For this task, copy all of the data below exactly and skip the pictures.

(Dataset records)
━━━

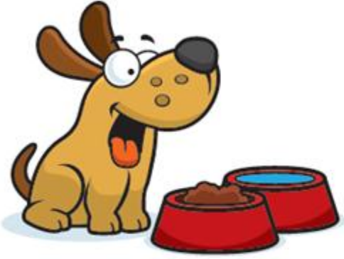
1-غذاء صحي ومياه نظيفة

تقع على عاتقك مسؤولية التأكد من أن حيوانك الأليف:
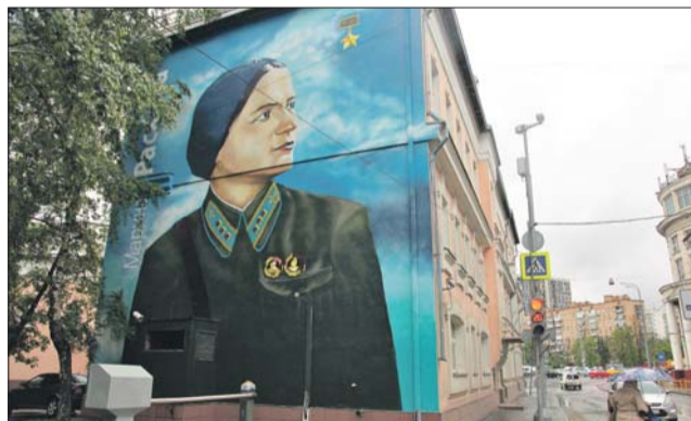
Граффити на Нижней Масловке

— Эскизы рисунков находятся пока на согласовании. Большинство объектов расположены рядом с детскими площадками, поэтому предлагаем рисунки из известных отече-
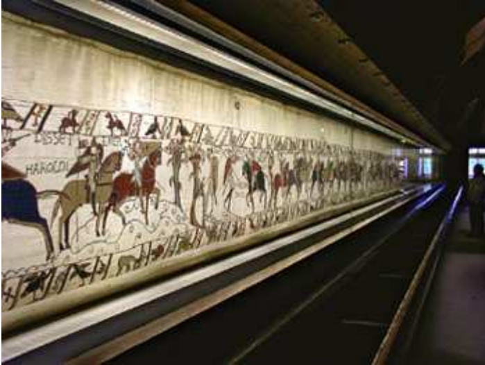
1. Edward rex. Il re Edoardo.
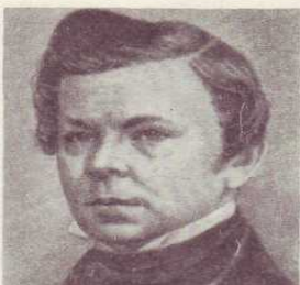
В. Г. БЕНЕДИКТОВ
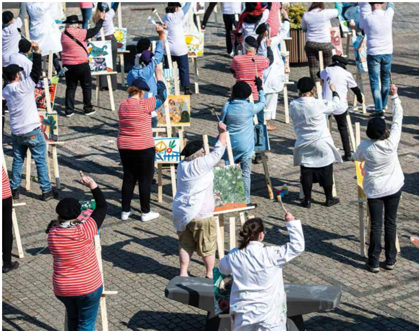
I april ägde filminspelningar rum på olika platser i Tomelilla, bland annat på torget som fyllts av statister i randiga tröjor och basstrar.

━━━

> [Output]:
1-غذاء صحي ومياه نظيفة

تقع على عاتقك مسؤولية التأكد من أن حيوانك الأليف:
Граффити на Нижней Масловке

— Эскизы рисунков находятся пока на согласовании. Большинство объектов расположены рядом с детскими площадками, поэтому предлагаем рисунки из известных отече-
1. Edward rex. Il re Edoardo.
В. Г. БЕНЕДИКТОВ
I april ägde filminspelningar rum på olika platser i Tomelilla, bland annat på torget som fyllts av statister i randiga tröjor och basstrar.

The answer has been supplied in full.